And My glory I will not give to another. (Isaiah 48:6-11)

God hasn’t gone anywhere. God didn’t just work in the distant past. He didn’t just intervene for other people somewhere else, wherever we aren’t. God reassured his people that he was just as actively involved with them now as he had ever been.

The ancient people of Israel often looked back to the glorious stories of their ancestors and compared them unfavorably with their current, often uncomfortable circumstances. They wondered why God couldn’t act today like he used to. But such an attitude is actually a sort of “grass is greener on the other side of the fence” sort of problem: a failure of perception and perspective.

The stories in the Bible are truncated summaries that show the highlights of God, but sometimes fail to show the day to day grind. Readers don’t get to witness Joseph in jail every day, getting up, eating, working, hour after endless hour for eighteen long years before he finally got out. The real work of God in life is punctuated, unexpected, and often only visible in hindsight. In the living of life, God’s interventions, God’s miracles, God’s hand, tend to remain hidden in the shadows and soft thumps of the ordinary.

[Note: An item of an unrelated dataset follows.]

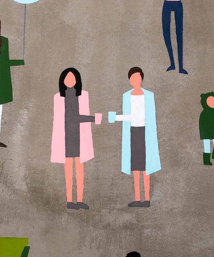 Марина отрисовала эскиз и воплотила его в реальность. Стилистика флэт-иллюстрации была выбрана неспроста. «Только люди» — это семьи, друзья, партнёры. И это послание легло в основу сюжета.

God works slowly and gradually most of the time. Even the suffering is not like what silver goes through: flaming heat that in moments separates the dross from the precious metal. Instead, it is through the “furnace of affliction” which takes days and months and years and is often times no more than ordinary days strung together like pearls on a string, with the annoyances and trials of ordinary existence. And he does it for his own purposes, and for his own glory. His treatment of his people is not dependent upon them, but upon himself.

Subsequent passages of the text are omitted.